Aku : “yang kerudung pink ya?”
Dwi : “iya, lu denger?”
Aku : “awalnya aku gak nyadar lagi pada ngomongin apaan. Tapi pas denger ada sebutan kerudung pink, baru peka”
Dwi : “hahahahaha iya, pada ngeledek si Arka loh. Gatau sih, mungkin sebelum ngumpul tadi ada pembahasan apa kali ya. Atau mungkin diledekin kayak gitu gegara liat si Arka antusias banget liat lu jelasin tadi”
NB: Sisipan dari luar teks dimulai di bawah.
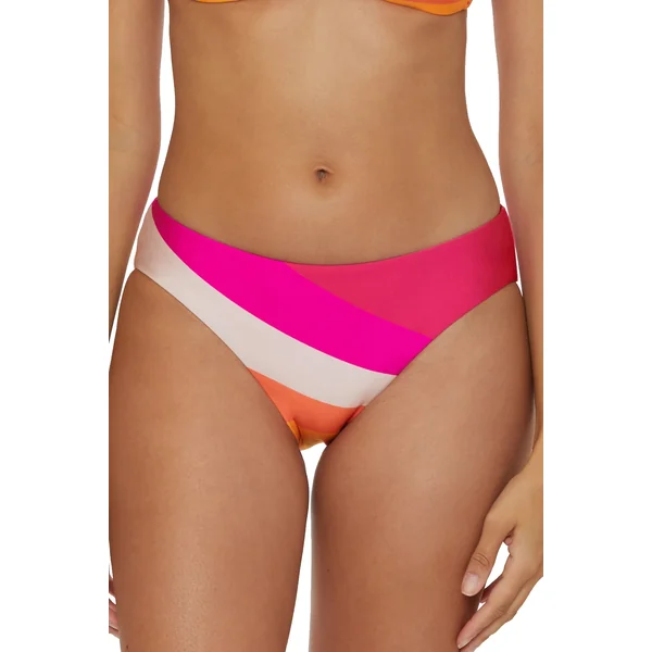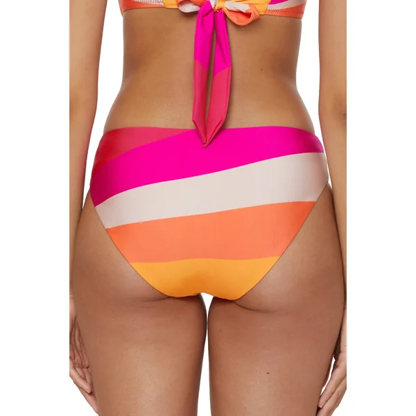 Bikini bottom features striped print and offers moderate coverage.

Aku : “heuuuuuuuu” muka ku ingin menangis.
Dwi : “eh lahhh kenapa?”
Aku : “deg-degan” kemudian menyengir.
Dwi : “yeee baperrrrrr”

Sesampai di kelas, aku meletakkan tas ku di kursi paling depan. Dosennya tidak masuk. Aku berniat untuk menaruh tas kemudian duduk memandang langit dari kaca besar di kelas. Ah momen paling menyenangkan. Sebelum memandang langit, aku stay di meja dosen, untuk menandatangani absen. Tak lama kulihat Arka meletakkan tasnya di kursi sebelahku. Dan tiba-tiba saja ia kembali menatapku. Kebiasaan! Ini bahkan tidak boleh menjadi kebiasaan!. Kemudian kami langsung tertunduk bersamaan. Sebenarnya ini kebiasaan atau ketidaksengajaan? Heuh.